An exact copy of every record, with no pictures, please.
========================================================================
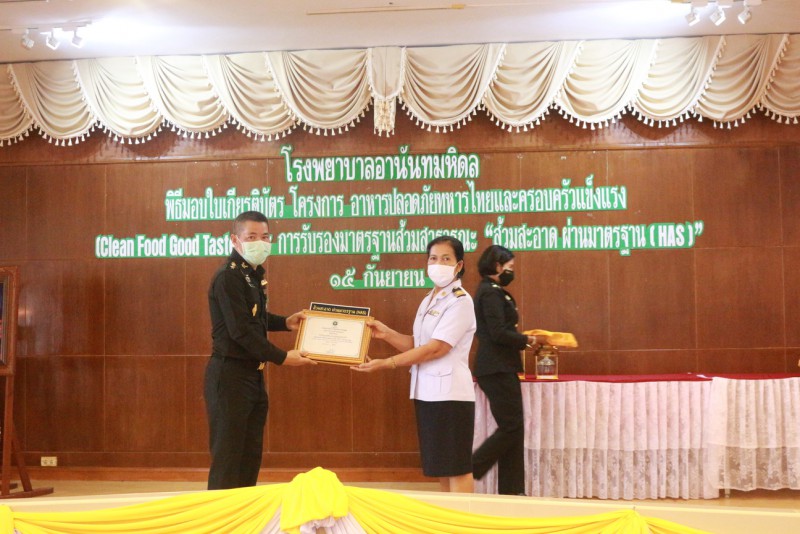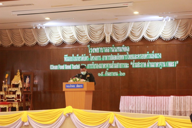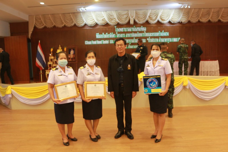 ผู้อำนวยการหัวหน้าฝ่ายบริหารทั่วไปและรองหัวหน้าฝ่ายบริหารทั่วไปรับเกียรติบัตรโครงการอาหารปลอดภัย ทหารไทยและครอบครัวแข็งแรงและส้วมสะอาดผ่านมาตรฐาน
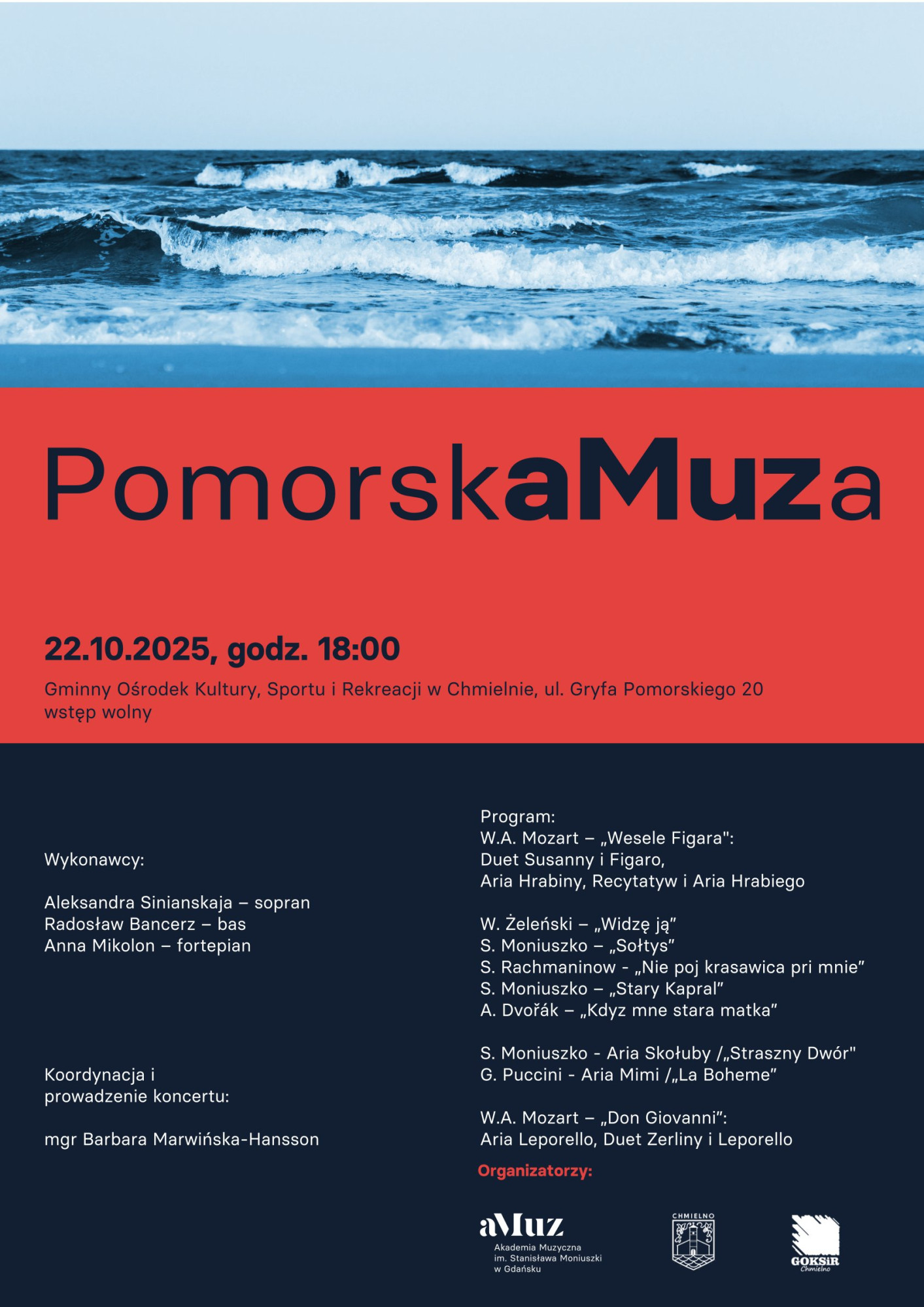 22 października 2025 r. (środa) o godz. 18:00 w Gminnym Ośrodku Kultury, Sportu i Rekreacji w Chmielnie odbędzie się koncert "PomorskaMuza".
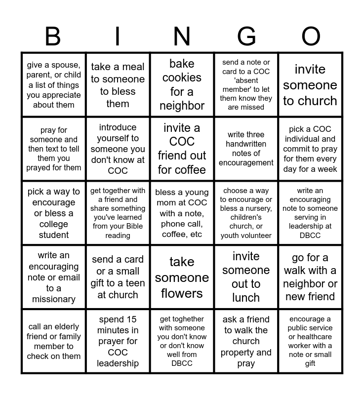 This bingo card has a free space and 24 words: send a card or a small gift to a teen at church, spend 15 minutes in prayer for COC leadership, invite a COC friend out for coffee, call an elderly friend or family member to check on them, invite someone to church, give a spouse, parent, or child a list of things you appreciate about them, pray for someone and then text to tell them you prayed for them, take a meal to someone to bless them, choose a way to encourage or bless a nursery, children's church, or youth volunteer, take someone flowers, write three handwritten notes of encouragement, pick a way to encourage or bless a college student, invite someone out to lunch, go for a walk with a neighbor or new friend, introduce yourself to someone you don't know at COC, ask a friend to walk the church property and pray, write an encouraging note to someone serving in leadership at DBCC, bake cookies for a neighbor, pick a COC individual and commit to pray for them every day for a week, get together with a friend and share something you've learned from your Bible reading, encourage a public service or healthcare worker with a note or small gift, write an encouraging note or email to a missionary, send a note or card to a COC 'absent member' to let them know they are missed and get toghether with someone you don't know or don't know well from DBCC.
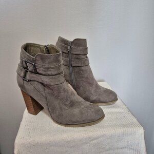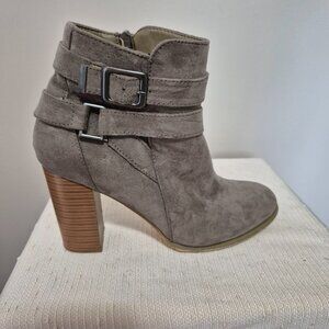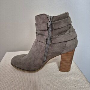 chunky, faux would heel - slight wear/scuff on back (see photo #4)
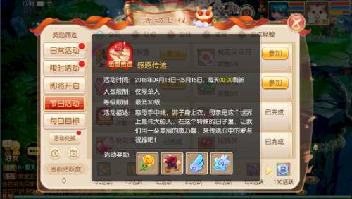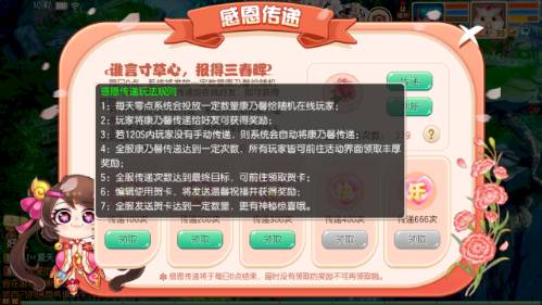 每天零点在线的玩家会随机获得康乃馨,将康乃馨在限定时间内传递给好友便可获得奖励,如若超时将自动被传递出,全服传递的次数达到一定时便可领取相应的奖励,最终可获得一张卡片,将卡片发送出去,达到一定数量时更有神秘惊喜哦!
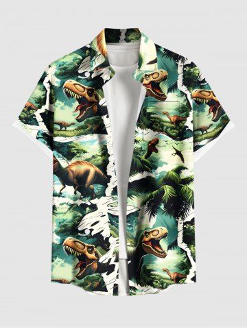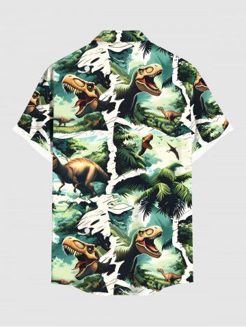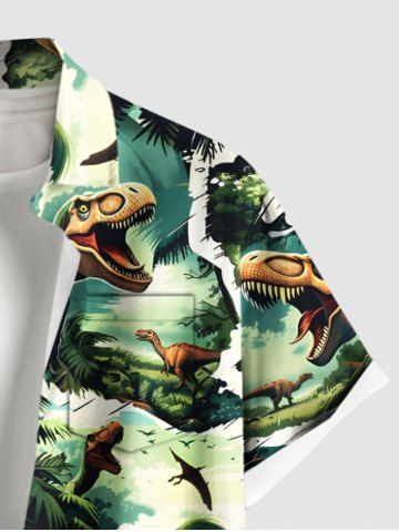 Plus Size Coconut Tree Dinosaur Forest Print Hawaii Button Pocket Shirt For Men - Green - Xl
========================================================================
## ANSWER BELOW
 ผู้อำนวยการหัวหน้าฝ่ายบริหารทั่วไปและรองหัวหน้าฝ่ายบริหารทั่วไปรับเกียรติบัตรโครงการอาหารปลอดภัย ทหารไทยและครอบครัวแข็งแรงและส้วมสะอาดผ่านมาตรฐาน
 22 października 2025 r. (środa) o godz. 18:00 w Gminnym Ośrodku Kultury, Sportu i Rekreacji w Chmielnie odbędzie się koncert "PomorskaMuza".
 This bingo card has a free space and 24 words: send a card or a small gift to a teen at church, spend 15 minutes in prayer for COC leadership, invite a COC friend out for coffee, call an elderly friend or family member to check on them, invite someone to church, give a spouse, parent, or child a list of things you appreciate about them, pray for someone and then text to tell them you prayed for them, take a meal to someone to bless them, choose a way to encourage or bless a nursery, children's church, or youth volunteer, take someone flowers, write three handwritten notes of encouragement, pick a way to encourage or bless a college student, invite someone out to lunch, go for a walk with a neighbor or new friend, introduce yourself to someone you don't know at COC, ask a friend to walk the church property and pray, write an encouraging note to someone serving in leadership at DBCC, bake cookies for a neighbor, pick a COC individual and commit to pray for them every day for a week, get together with a friend and share something you've learned from your Bible reading, encourage a public service or healthcare worker with a note or small gift, write an encouraging note or email to a missionary, send a note or card to a COC 'absent member' to let them know they are missed and get toghether with someone you don't know or don't know well from DBCC.
 chunky, faux would heel - slight wear/scuff on back (see photo #4)
 每天零点在线的玩家会随机获得康乃馨,将康乃馨在限定时间内传递给好友便可获得奖励,如若超时将自动被传递出,全服传递的次数达到一定时便可领取相应的奖励,最终可获得一张卡片,将卡片发送出去,达到一定数量时更有神秘惊喜哦!
 Plus Size Coconut Tree Dinosaur Forest Print Hawaii Button Pocket Shirt For Men - Green - Xl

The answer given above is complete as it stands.